**THE DATA**
○ ○ ○ ○ ○ ○ ○
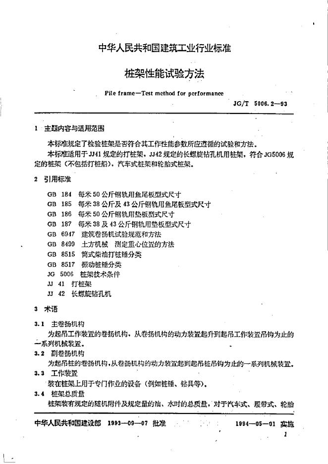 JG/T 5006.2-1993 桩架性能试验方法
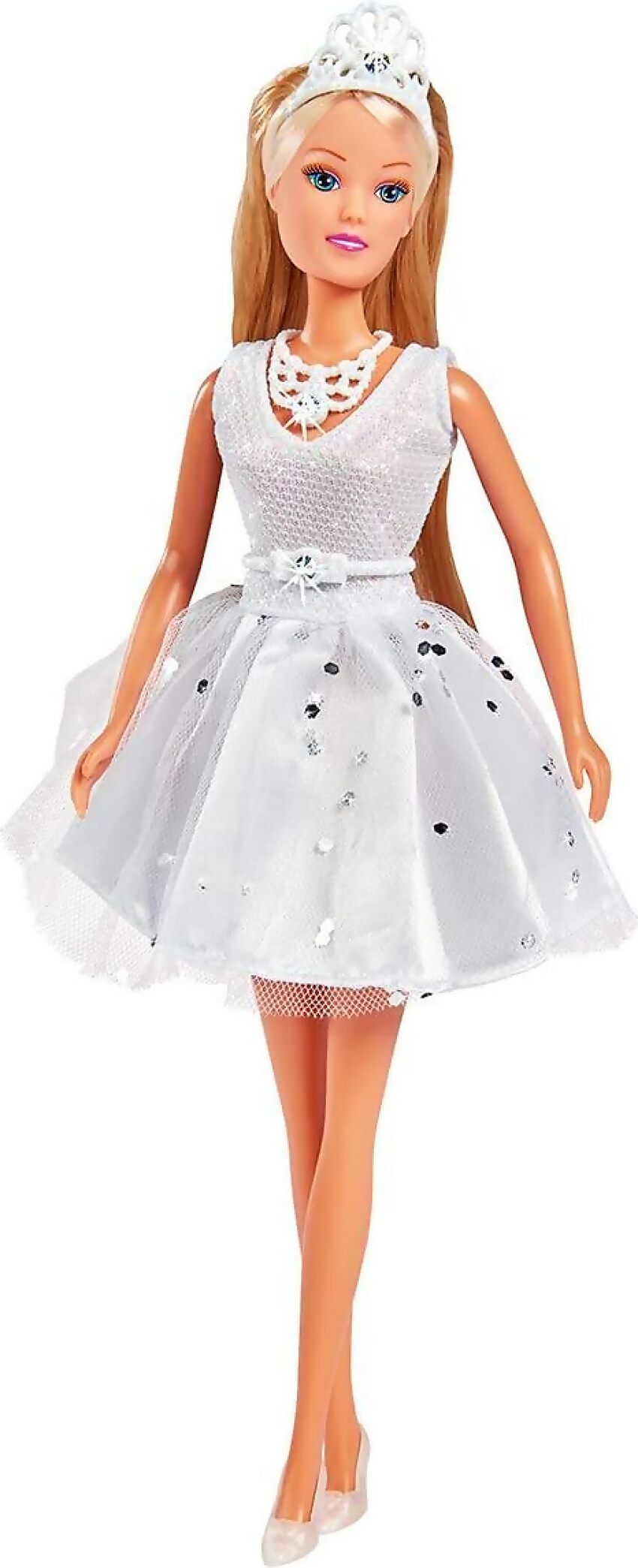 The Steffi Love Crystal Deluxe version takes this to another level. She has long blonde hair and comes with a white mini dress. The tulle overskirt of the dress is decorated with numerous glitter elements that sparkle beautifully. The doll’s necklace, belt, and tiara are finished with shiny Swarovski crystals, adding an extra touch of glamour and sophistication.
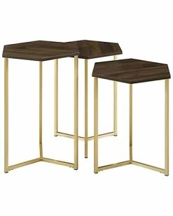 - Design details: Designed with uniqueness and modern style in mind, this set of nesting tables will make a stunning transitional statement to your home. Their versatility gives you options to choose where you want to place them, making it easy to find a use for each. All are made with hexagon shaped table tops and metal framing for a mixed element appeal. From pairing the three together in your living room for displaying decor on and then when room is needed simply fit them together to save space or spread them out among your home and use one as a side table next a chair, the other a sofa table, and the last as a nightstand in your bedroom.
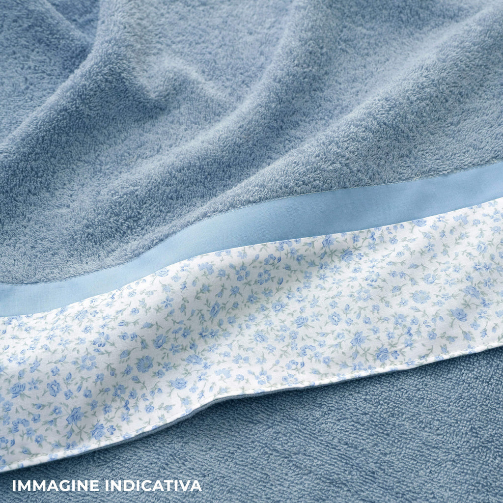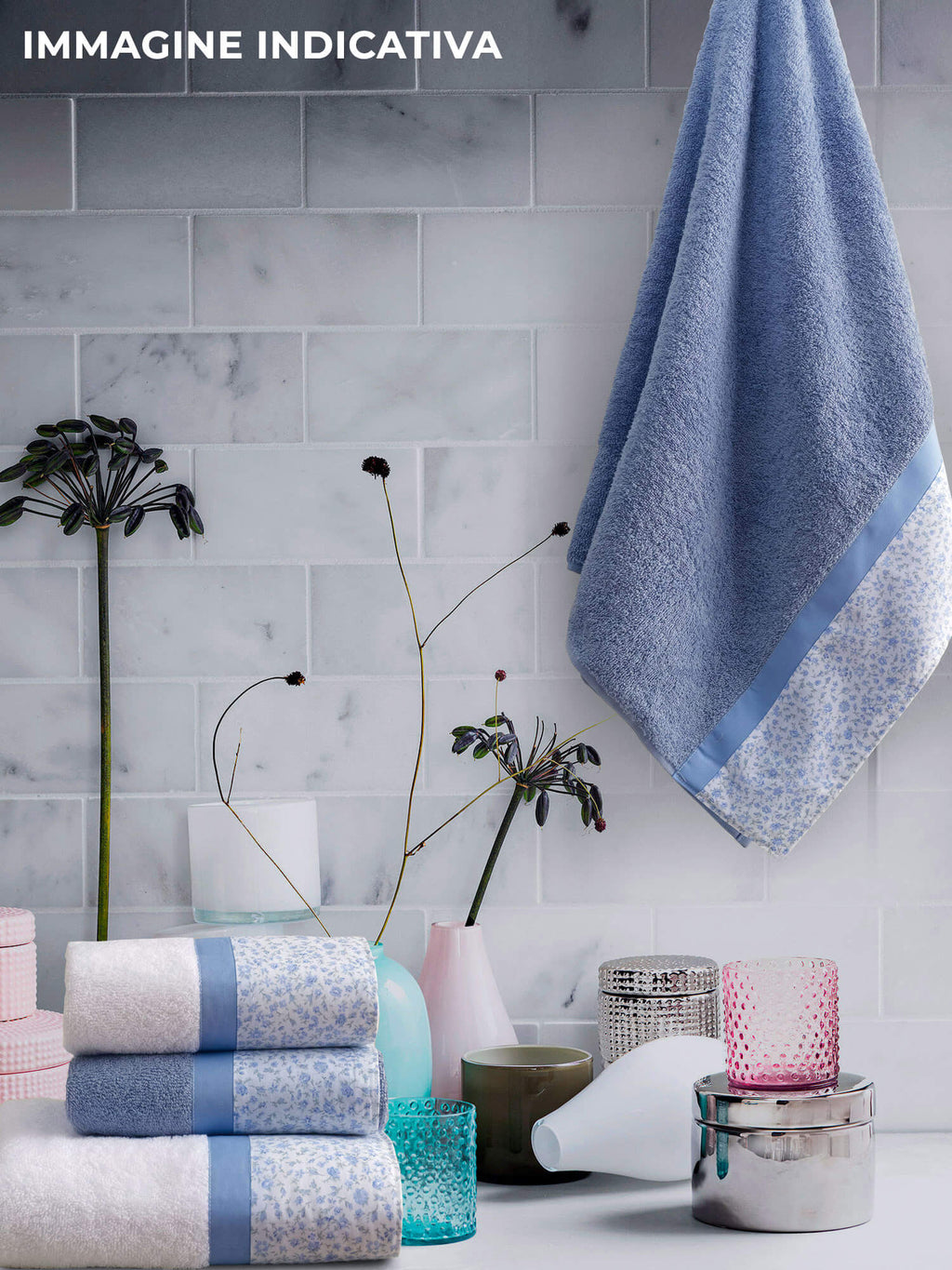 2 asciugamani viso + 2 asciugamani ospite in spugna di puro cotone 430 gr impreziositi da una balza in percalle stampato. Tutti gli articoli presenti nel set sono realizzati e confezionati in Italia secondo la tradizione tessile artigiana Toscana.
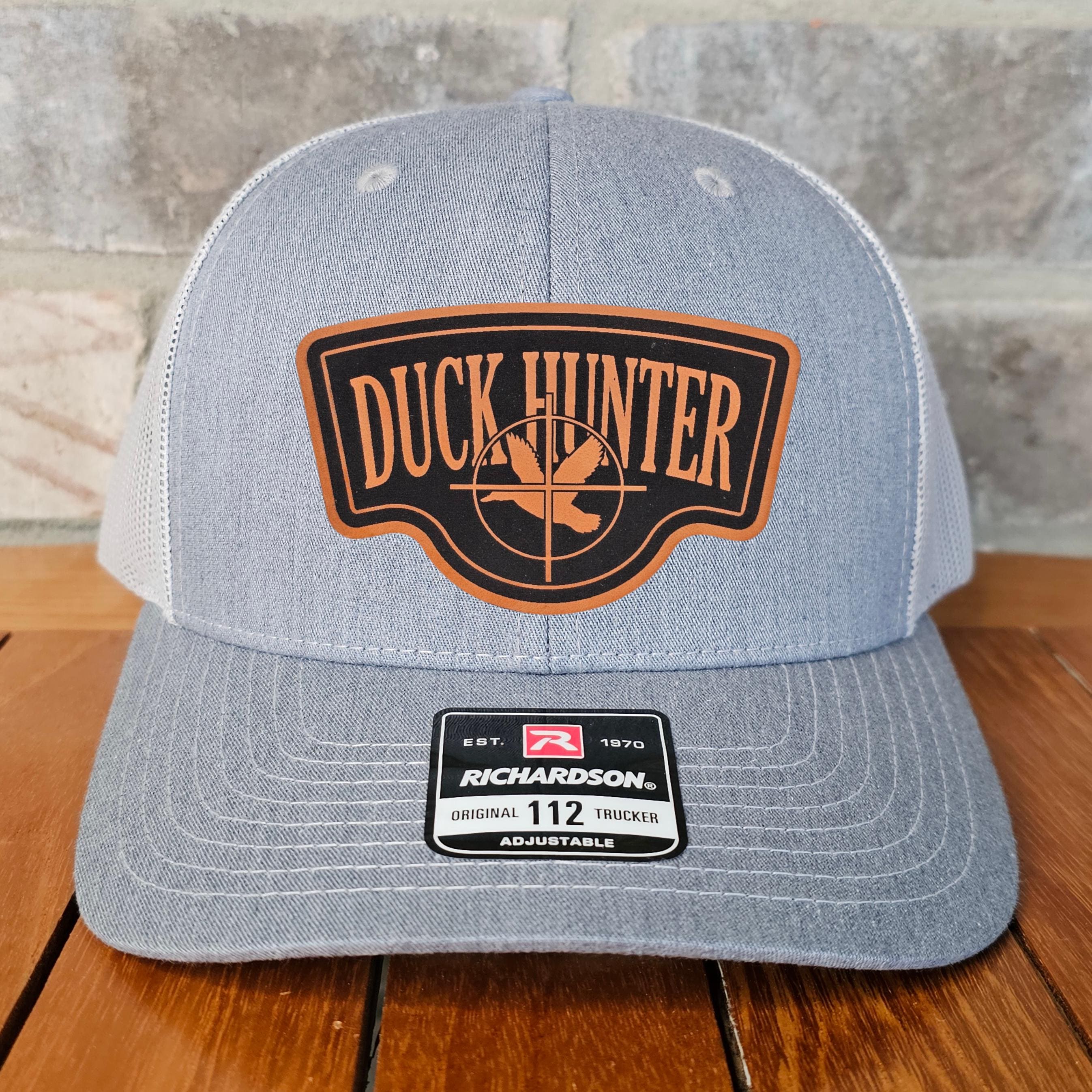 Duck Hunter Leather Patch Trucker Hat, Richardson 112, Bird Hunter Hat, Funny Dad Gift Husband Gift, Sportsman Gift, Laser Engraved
○ ○ ○ ○ ○ ○ ○
**EXERCISE OBJECTIVE**
Extract the run of lines beginning with the line that holds "The Steffi Love" and ending at the last line of the data, inclusive. Exclude any pictures from the copy.

**SOLUTION FOR THIS PROBLEM**
 The Steffi Love Crystal Deluxe version takes this to another level. She has long blonde hair and comes with a white mini dress. The tulle overskirt of the dress is decorated with numerous glitter elements that sparkle beautifully. The doll’s necklace, belt, and tiara are finished with shiny Swarovski crystals, adding an extra touch of glamour and sophistication.
 - Design details: Designed with uniqueness and modern style in mind, this set of nesting tables will make a stunning transitional statement to your home. Their versatility gives you options to choose where you want to place them, making it easy to find a use for each. All are made with hexagon shaped table tops and metal framing for a mixed element appeal. From pairing the three together in your living room for displaying decor on and then when room is needed simply fit them together to save space or spread them out among your home and use one as a side table next a chair, the other a sofa table, and the last as a nightstand in your bedroom.
 2 asciugamani viso + 2 asciugamani ospite in spugna di puro cotone 430 gr impreziositi da una balza in percalle stampato. Tutti gli articoli presenti nel set sono realizzati e confezionati in Italia secondo la tradizione tessile artigiana Toscana.
 Duck Hunter Leather Patch Trucker Hat, Richardson 112, Bird Hunter Hat, Funny Dad Gift Husband Gift, Sportsman Gift, Laser Engraved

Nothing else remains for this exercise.